After the Usha Martin-Tata Steel deal was cleared by its shareholders, with 99.99 per cent of votes in favour, Prashant Jhawar, one of the majority shareholders, raised questions on the debt of the company, expected net proceeds, and funds likely to be used for repaying debt.
The Basant-Prashant Jhawar promoter faction holds a 25.5 per cent stake in the company. The duo also dissented on the firm’s results, approved by the board of directors with a requisite majority at the meeting held on Monday.
Sources close to the development said the issue of sale of wire and wire ropes, had to be closed on Monday. Originally the company planned to sell the wire and wire ropes division but inadequate valuation had prompted it to consider the steel business for sale. Basant and Prashant Jhawar however dissented as they were in favour of sale of both divisions.
Prashant Jhawar’s submission to the stock exchanges was in the context of recent statements by Managing Director, Rajeev Jhawar, and chairman, G N Bajpai, at the company's extraordinary general meeting (EGM) on Saturday.

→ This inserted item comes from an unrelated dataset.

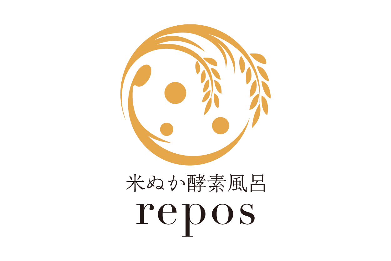 店名はフランス語で「休息・安らぎ」を意味する「repos(ルポ)」に由来しています。 米糠(こめぬか)酵素風呂でデトックスし、心身ともにリフレッシュできる場所でありたいという願いをロゴに込めました。

The Basant-Prasant Jhawar promoter faction and Brij-Rajeev Jhawar promoter faction, which have an equal shareholding of 25.5 per cent in the company, have been at odds for a while now.
Prashant Jhawar sought to know the debt of the company as of September 30, 2018. Usha Martin had said at the EGM on Saturday the debt at the end of June was Rs47 billion.
Prashant Jhawar also wanted details of the expected sale proceeds of the steel division, expected range of taxes and direct transaction cost, and any other expenses beyond Rs50 million to be paid from the proposed escrow account.
He also wanted to know the details of funds likely to be used for repaying debt and whether there would be any supervision by the board of the operations of the proposed escrow account. The sale proceeds, Usha Martin had said, would be kept in an escrow account with State Bank of India, which is the lead bank.
Prashant Jhawar has also questioned the likely payment towards various contingent liabilities relating to the erstwhile coal and present operating/under development mines of the company, which are proposed to be transferred as part of sale transaction and would have a bearing on the expected realisable value of the steel plant. The amount was Rs3.77 billion as on March 31, 2018, according to Jhawar's submission.
Apart from the steel-manufacturing facility, the transaction with Tata Steel also includes an operative iron ore mine at the Ghatkuri block, a coal mine under development in Brinda and Sisai districts and captive power plants. The size of the deal is Rs45.20 billion.
Prashant Jhawar’s concern is whether the state government of Jharkhand would allow transferring the operating iron ore mine and coal mines without a settlement of dues.
Rajeev Jhawar had said the transaction would be completed in three months.